START AVAILABLE DATA

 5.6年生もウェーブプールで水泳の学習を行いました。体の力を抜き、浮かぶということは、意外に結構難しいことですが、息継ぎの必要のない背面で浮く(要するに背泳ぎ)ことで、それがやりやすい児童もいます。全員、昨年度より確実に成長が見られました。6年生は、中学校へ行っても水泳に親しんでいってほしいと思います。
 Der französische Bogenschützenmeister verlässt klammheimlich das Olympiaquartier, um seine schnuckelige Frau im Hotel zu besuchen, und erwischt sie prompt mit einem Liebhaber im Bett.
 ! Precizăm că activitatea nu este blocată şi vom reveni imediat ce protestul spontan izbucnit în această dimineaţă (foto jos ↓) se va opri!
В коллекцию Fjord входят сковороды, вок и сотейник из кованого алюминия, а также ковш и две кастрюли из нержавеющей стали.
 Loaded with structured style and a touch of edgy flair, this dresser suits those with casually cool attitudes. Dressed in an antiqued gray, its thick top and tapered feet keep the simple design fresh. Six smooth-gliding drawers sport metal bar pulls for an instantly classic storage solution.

END AVAILABLE DATA
START AVAILABLE DATA

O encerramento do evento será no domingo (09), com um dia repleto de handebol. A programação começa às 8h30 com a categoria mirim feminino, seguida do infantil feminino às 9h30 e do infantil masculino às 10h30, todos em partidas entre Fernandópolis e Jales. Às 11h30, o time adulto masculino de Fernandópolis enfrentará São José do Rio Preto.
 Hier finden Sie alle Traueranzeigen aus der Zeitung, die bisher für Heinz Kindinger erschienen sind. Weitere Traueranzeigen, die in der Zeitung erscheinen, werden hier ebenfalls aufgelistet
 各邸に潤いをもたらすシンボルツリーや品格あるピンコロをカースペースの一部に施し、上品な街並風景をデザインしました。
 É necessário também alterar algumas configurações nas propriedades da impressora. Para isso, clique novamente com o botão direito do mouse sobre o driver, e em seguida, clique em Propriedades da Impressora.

END AVAILABLE DATA

**WHAT NEEDS TO BE DONE**
Extract from the records above the lines from the one containing "Der französische Bogenschützenmeister" to the one containing "Loaded with structured", both lines included, exactly as they appear and with nothing else.

**REPLY TO THE TASK**
 Der französische Bogenschützenmeister verlässt klammheimlich das Olympiaquartier, um seine schnuckelige Frau im Hotel zu besuchen, und erwischt sie prompt mit einem Liebhaber im Bett.
 ! Precizăm că activitatea nu este blocată şi vom reveni imediat ce protestul spontan izbucnit în această dimineaţă (foto jos ↓) se va opri!
В коллекцию Fjord входят сковороды, вок и сотейник из кованого алюминия, а также ковш и две кастрюли из нержавеющей стали.
 Loaded with structured style and a touch of edgy flair, this dresser suits those with casually cool attitudes. Dressed in an antiqued gray, its thick top and tapered feet keep the simple design fresh. Six smooth-gliding drawers sport metal bar pulls for an instantly classic storage solution.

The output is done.